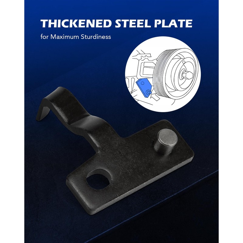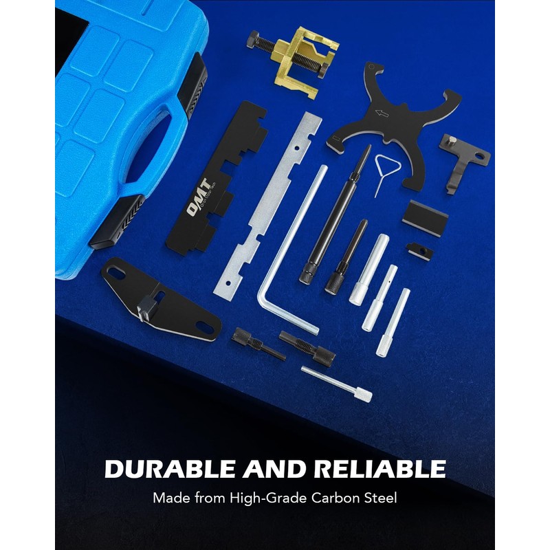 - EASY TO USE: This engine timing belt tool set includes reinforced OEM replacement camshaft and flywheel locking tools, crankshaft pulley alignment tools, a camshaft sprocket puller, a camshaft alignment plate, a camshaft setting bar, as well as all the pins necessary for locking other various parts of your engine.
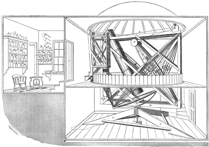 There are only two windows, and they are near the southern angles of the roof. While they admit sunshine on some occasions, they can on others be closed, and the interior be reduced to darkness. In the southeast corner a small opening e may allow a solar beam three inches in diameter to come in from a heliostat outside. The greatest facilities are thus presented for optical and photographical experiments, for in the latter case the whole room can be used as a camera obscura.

--

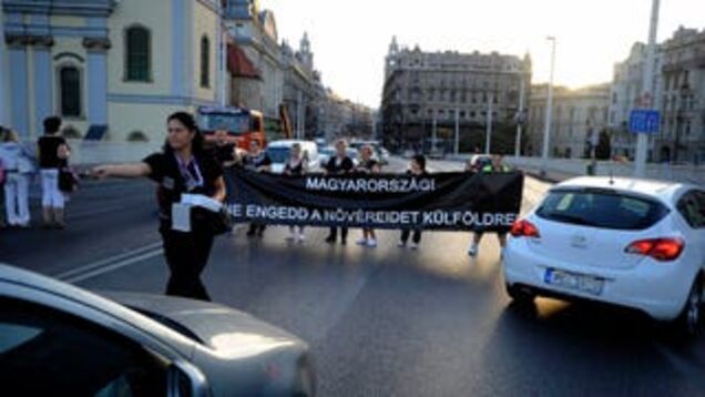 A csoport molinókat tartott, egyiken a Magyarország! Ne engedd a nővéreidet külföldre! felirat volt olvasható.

__Action item__:
Leave out the images and write out the lines above exactly, from the one with "- EASY TO USE: This" up to and including the one with "There are only".

__Task answer__:
 - EASY TO USE: This engine timing belt tool set includes reinforced OEM replacement camshaft and flywheel locking tools, crankshaft pulley alignment tools, a camshaft sprocket puller, a camshaft alignment plate, a camshaft setting bar, as well as all the pins necessary for locking other various parts of your engine.
 There are only two windows, and they are near the southern angles of the roof. While they admit sunshine on some occasions, they can on others be closed, and the interior be reduced to darkness. In the southeast corner a small opening e may allow a solar beam three inches in diameter to come in from a heliostat outside. The greatest facilities are thus presented for optical and photographical experiments, for in the latter case the whole room can be used as a camera obscura.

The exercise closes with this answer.